От чего он нас предостерегает, то как раз для нас хорошо. Мария обдумывала все это, сидя за шитьем. У нее теперь было больше досуга, чем раньше. Жизнь стала такой, как хотел Гитлер. Для мира теперь не хватает самой малости. Стоит еще только кое-кому уразуметь, что жизнь отныне должна быть такой, как хочет Гитлер, и тогда настанет мир. Сидя на балконе, можно было некоторое время забыть о войне, хотя шла уже вторая военная весна. В ящиках зацветала герань. Солнце светило тепло и ласково, как всегда в мае; во дворе и перед домом резвились дети. Ни выкрики газетчиков, ни вой радио в пивной Лоренца — ничто в это утро не говорило о боях и сражениях. Если бы только не камень на сердце, не постоянный гнетущий страх — ведь уже месяц, как от Ганса нет писем. Однако она вздохнула с облегчением, когда письмоносец повернул за угол. Он, конечно, мог принести желанное письмо со штемпелем полевой почты, но мог, как это уже было однажды в их доме, принести извещение: «Убит!» И фрау Вейганд, вся в черном возвращавшаяся домой с кошелкой, своим видом напоминала, что мира еще нет, хотя солнце светит так ярко.
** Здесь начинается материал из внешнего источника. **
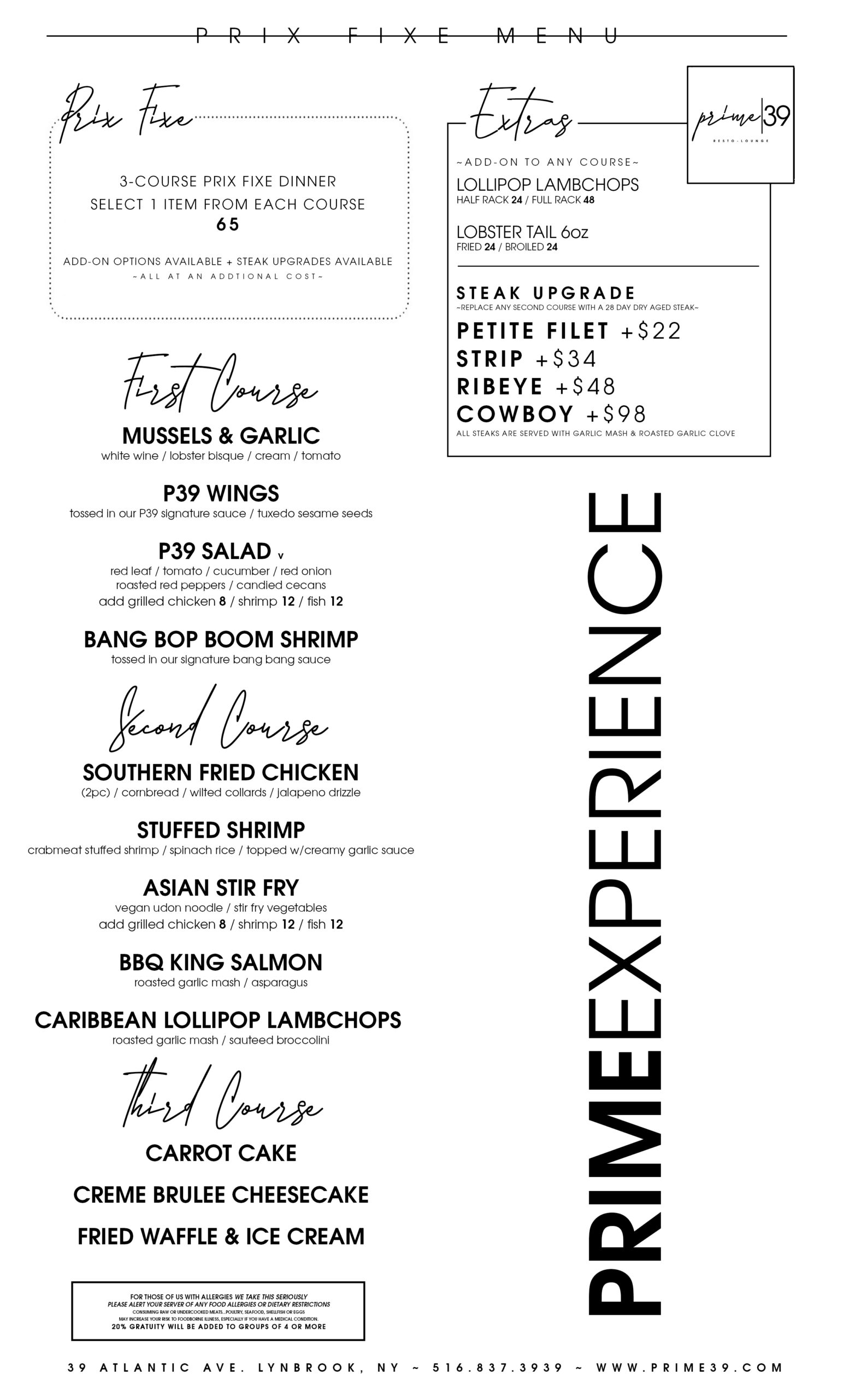 All steaks are 28-day dry-aged USDA Prime, served with roasted garlic clove & prime steak sauce

Смерть еще витала вокруг, ее широкие, мощные крылья покрывали дом, всю страну, даже дымно-синее небо. Только она, смерть, так притаилась, что не слышно было даже шелеста ее крыльев.

Скоро жизнь будет такой, как хочет Гитлер. Правда, англичане еще не разбиты. «Будет и это», — говорил Гешке. Со Сталиным вдруг заключили мир и дружбу. «Я всегда думал, что они столкуются»,— говорил Гешке.

Почему Ганс говорил: «То, чего хочет Гитлер и чего хотим мы,— это все равно, что огонь и вода»? Гешке работал. Солдат в эту войну требовалось немного. Зарабатывал он хорошо. Она сидела на балконе и шила и тоже зарабатывала хорошо. Где же огонь и вода?

Как она была счастлива, когда ее падчерица принесла деньги на учение Ганса. Она гордилась мальчиком, всякий раз как он приходил домой с похвальным листом, она думала: «Из него будет толк, у него есть выход». Однако выход этот давно оказался запертым. Ганс не стал слесарем, он стал солдатом. После сельскохозяйственной повинности он недолгое время работал слесарем, а затем дверь захлопнулась. Мальчик снова в тисках. Только если сейчас и вправду будет мир, о котором Гитлер все твердит, тогда ей больше нечего беспокоиться за Ганса. Как же может быть плох мир, даже если его хочет Гитлер? Чем это плохо для нее самой, если она сидит на своем балконе, греется на солнышке и выполняет хорошо оплачиваемую работу?

И все-таки жилось плохо. Недоставало самого главного. И это видно было из того, что она даже толком не знала, чего недостает. Они были сыты и зарабатывали, сегодня утром она была совсем спокойна. Нельзя сказать, что счастлива, да этого и требовать немыслимо. Нельзя быть счастливой, как в юности, когда приходит первая любовь. А почему нельзя? Надо бы, чтобы жизнь была постоянным страстным ожиданием, пока не услышишь, что счастье нетерпеливыми, быстрыми шагами взбегает вверх по лестнице.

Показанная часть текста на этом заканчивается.